From the Department of Radiology, University of Southern California, USC University Hospital, 1500 San Pablo St, Los Angeles, CA 90033 (F.S., A.G.); Cardiac Morphology Unit, Royal Brompton Hospital (S.Y.H.); Rush Center for Congenital and Structural Heart Disease, Rush University Medical Center (Z.M.H.); and Department of Human Anatomy, University of Extremadura, Spain (D.S.Q.).

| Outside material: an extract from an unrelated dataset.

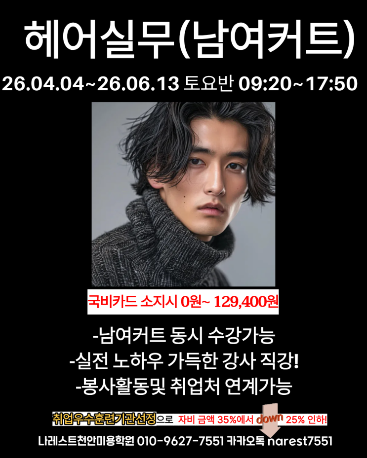 안녕하세요 나레스트천안미용학원 입니다. 헤어실무(남여커트) 26.04.04~26.06.13 토요일(주1회) 09:20~17:50 천안남여커트 과정이 인기 있는 이유 요즘 미용 분야에 대한 관심이 높아지면서 전문적인 기술을 배우려는 분들이 많아지고 있습니다. 그중에서도 천안남여커트 과정은 남성과 여성 커트를 동시에 배울 수 있어 효율적인 교육으로 주목받고 있습니다. 하나의 과정으로 두 가지 기술을 모두 익힐 수 있기 때문에 시간과 비용을 절약할 수 있다는 점이 큰 장점입니다. 남여 커트를 동시에 배우는 실전 커리큘럼 이번 천안남여커트 수업은 남성과 여성 커트를 분리하지 않고 통합적으로 교육합니다. 이를 통해 다양한 스타일을 빠르게 이....... <img src="https://blogthumb.pstatic.net/MjAyNjAzMzFfMjUy/MDAxNzc0OTM4MzYzNDUx._IvcV8tQo5vqFPdofp0MDPMEx8elNk858UcyApmwSR0g.ibK5X9TNBbwq6JWw0dIjXWA__RffFsaJn65LSJvHKEIg.PNG/%C1%A6%B8%F1%C0%BB_%C0%D4%B7%C2%C7%D8%C1%D6%BC%BC%BF%E4..png?type=s3" />

Radiographics. 2014 Jan-Feb;34(1):51-71. doi: 10.1148/rg.341135026.
With rapid advancements in imaging technology, cardiac computed tomography (CT) and magnetic resonance (MR) imaging are increasingly being used for anatomic evaluation, functional assessment, and pathologic diagnosis of the pulmonary valve and right ventricle. MR imaging is especially helpful in evaluating postoperative pulmonary valve function and grading of pulmonary regurgitation. On the other hand, CT has the advantage of high-resolution isovolumetric whole-chest coverage and is able to depict anatomic detail of the pulmonary valve, perivalvular structures, and pulmonary artery branches.
随着影像学技术的快速发展,心脏计算机断层扫描(CT)和磁共振(MR)成像越来越多地用于肺动脉瓣和右心室的解剖评估、功能评估和病理诊断。MR 成像特别有助于评估肺动脉瓣术后功能和肺动脉瓣反流分级。另一方面,CT 具有高分辨率容积式全胸部覆盖的优势,并能够描绘肺动脉瓣、瓣周结构和肺动脉分支的解剖细节。